Many of Ireland's early ecclesiastical sites occupy prominent ridgelines or riverside positions that explain their founding logic at a glance, but Listerlin sits in the kind of tucked-away agricultural country where a ruin can go unremarked for generations, its stones slowly acquiring moss while the fields around it are ploughed and grazed in seasonal rotation.

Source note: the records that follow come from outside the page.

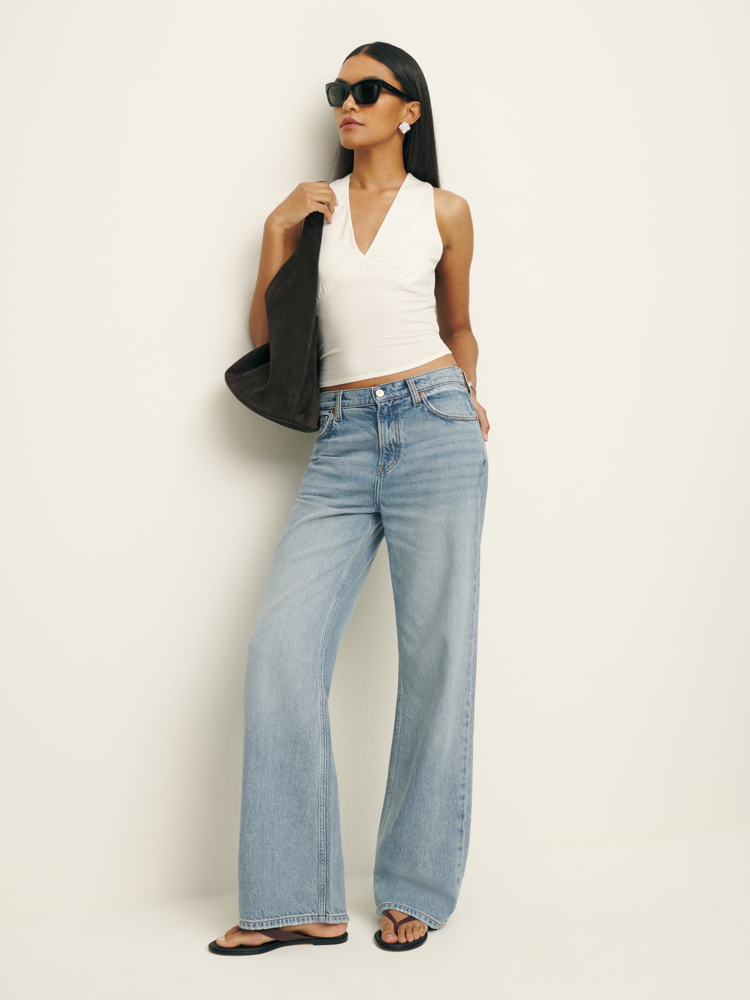 Soft and stretchy if you're into that. Shop the Bowie Knit Top from Reformation, is a knit top with a deep v-neckline.
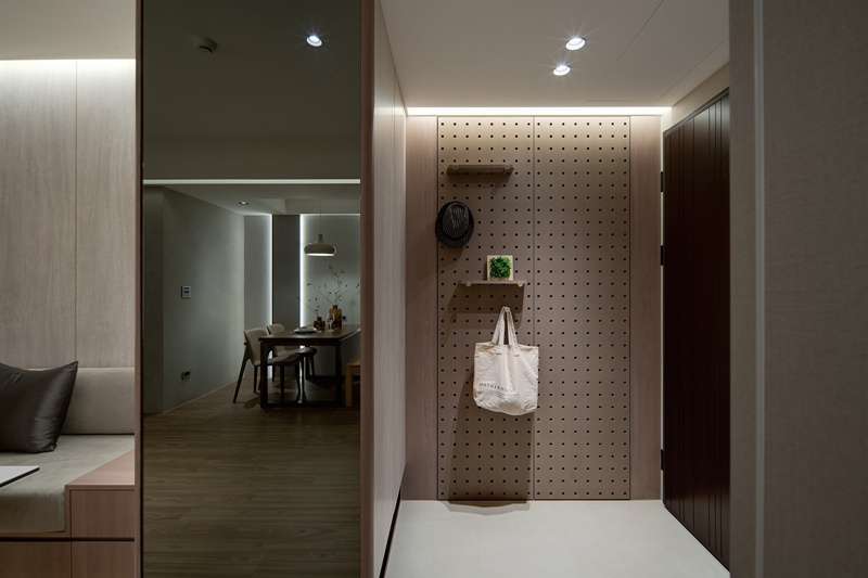 - 玄關機能:洞洞板結合雙向櫃體,融合收納、展示與鏡面功能,放大玄關坪效。
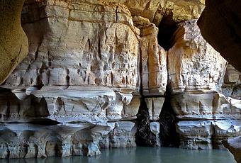 It is said that Allah revealed the opening to this limestone cave system to Sheikh Sof Omar in the 12th century. The sheikh and his followers used the caves as a mosque, a purpose to which the caves were well suited as they had been eroded into columns, buttresses, domes, vaults, and pillars-a natural architectural marvel still used as a gathering place by local Muslims.The First religions in this part of Africa were essentially spirit worship and ghost cults in which the most powerful supernatural beings were believed to attach themselves to trees, rocks, and - most forcefully - to caves, which became shrines for prayer and sacrifice. Even today, the visitor to Sof Omar can see many signs of the persistence of such pagan beliefs and practices: a group of men sacrificing a goal; tokens of leather and cloth hung from rocky projections in the cave.You approach the Sof Omar caves through the tiny village of Sof Omar, perched on the cliffs above the Web River. To the rear of the village is a dark, gaping crevice down which a precipitous narrow footpath winds to the first cave's floor. Only a few patches of sunlight filter into this dimly lit kingdom, which extends in all directions through vast subterranean passageways of polished white limestone, carved by the river's flood and recess over countless ages. In this realm of dry, cool caves nature has worked a marvel of architecture - soaring pillars of stone twenty metres (66 feet) high, flying buttresses, fluted archways, and tall airy vaults. Finally, the river itself is reached, a sunless sea flowing through a deep gorge. Standing on a balcony near the roof, one has a spectacular view of the river rushing below. Sof Omar's large central hall, the 'Chamber of Columns' - so named after the colossal limestone pillars that are its dominant feature - is one of the highlights of the cave system. At another part of the network there is a small gap in the rocks through which the river passes, about two and a half metres (eight feet) wide, where a bridge can be made with driftwood to go across. The most direct route through the caves passes these and many other remarkable sights, and takes about an hour at a good walking pace.
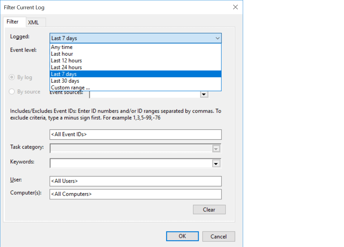 Click Filter Current Log on the right side to filter the logs based on event IDs or the time range for which the information is required.
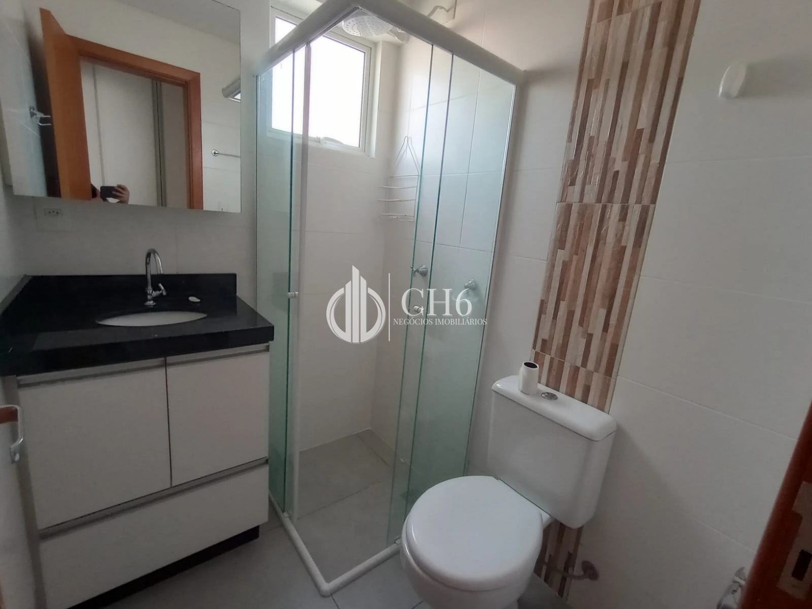 Banheiro social com armário e box em vidro temperado
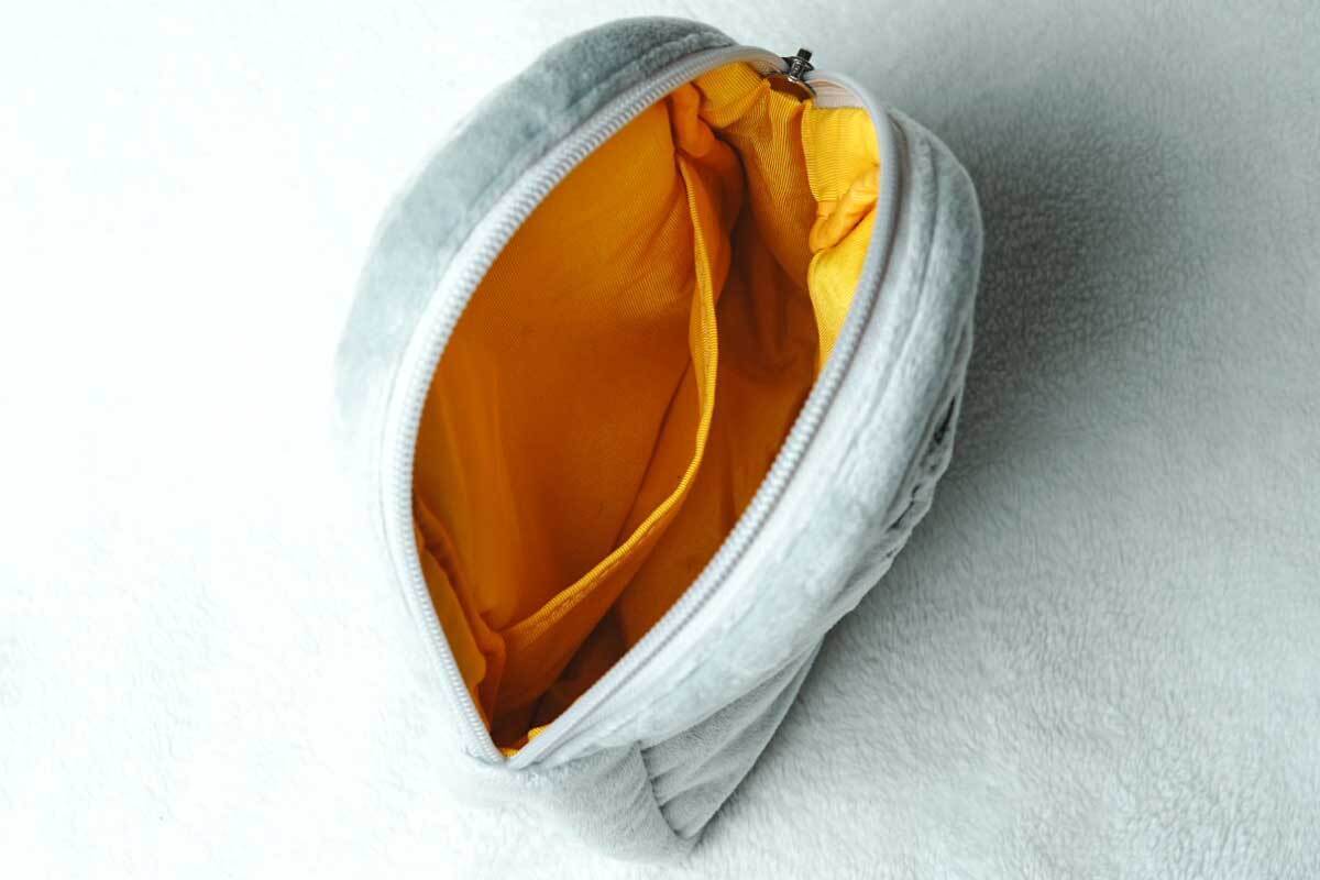 外側にポケットが付いているため、スマホや神社仏閣巡りの際にいただいたパンフレットなどを入れておくことができます。手のひらサイズで軽くて持ち運びしやすく、ぬいぐるみのように中綿が入っているので御朱印帳をはじめとしたさまざまな収納物を保護できます。
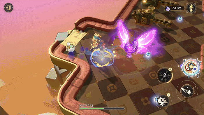 普攻:范围【近】,西西弗使用螺旋刺剑进行连续攻击,分为三段。第一段为前冲刺击,第二段为交叉攻击,第三段则快速接近目标并挥出大范围的扇形攻击。
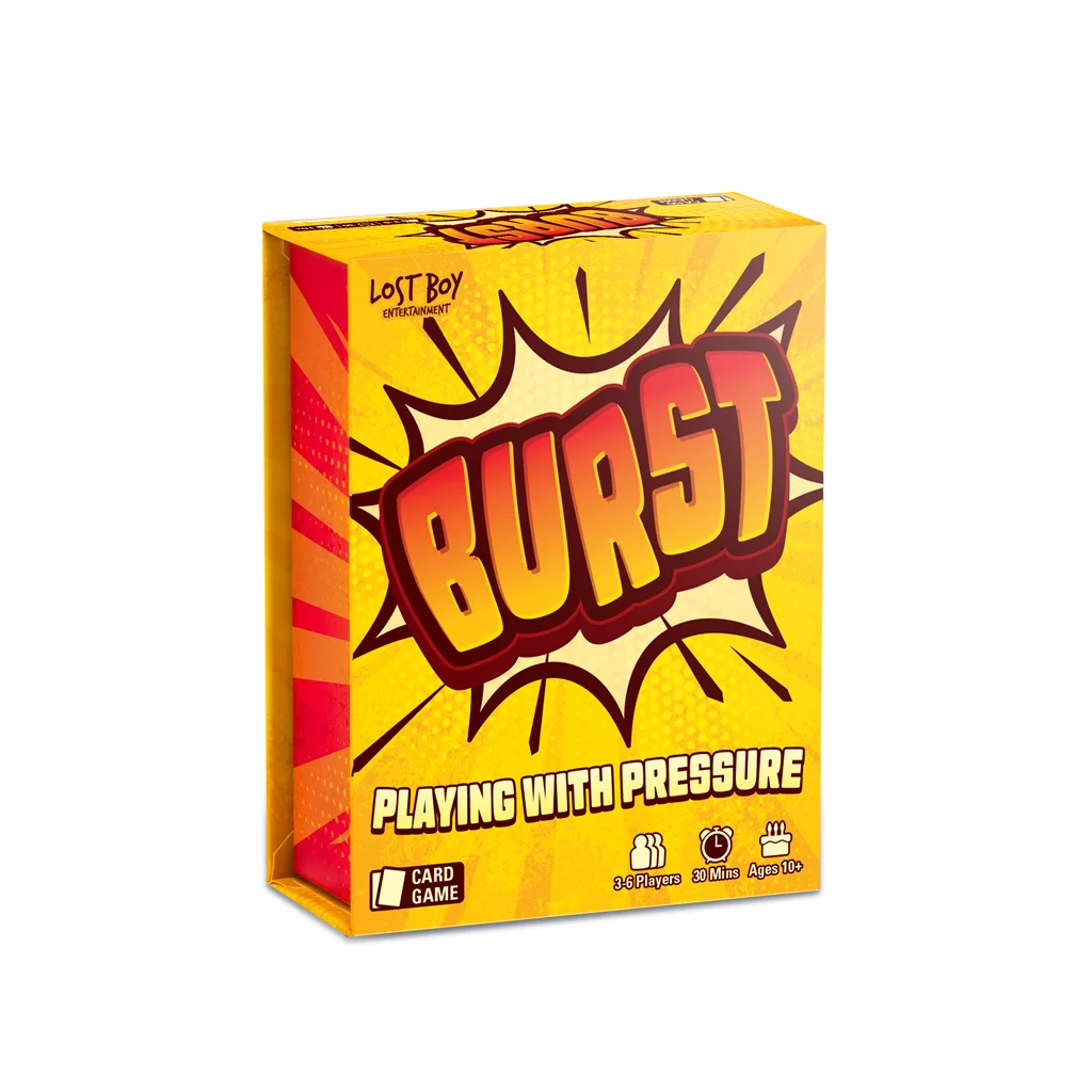 Burst, een explosief partyspel! Elke beurt trek of speel je een kaart, maar als het totaal aantal gespeelde kaarten hoger is dan 21, ontplof je! De ronde eindigt dan meteen en je tegenstanders scoren. Tussen bluffen en risicomanagement belooft Burst snelle en afwisselende spelbeurten. Pas op voor onverwachte wendingen want het spel bevat speciale kaarten en die effecten kunnen alles veranderen!

Listerlin as a placename likely derives from the Irish, and the presence of a church here points to a parish or monastic foundation of some antiquity, probably medieval in origin, though the precise dating and dedication of the building remain unclear from what has been recorded. County Kilkenny has a dense concentration of such sites, a legacy of the diocese of Ossory and its long history of ecclesiastical organisation stretching back through the Anglo-Norman period and into the early Christian centuries before it. Churches of this type, often built in the Romanesque or later Gothic manner in cut limestone, frequently served small rural parishes whose populations have since shifted or dwindled entirely, leaving the fabric of the building to weather without the protection that active use provides.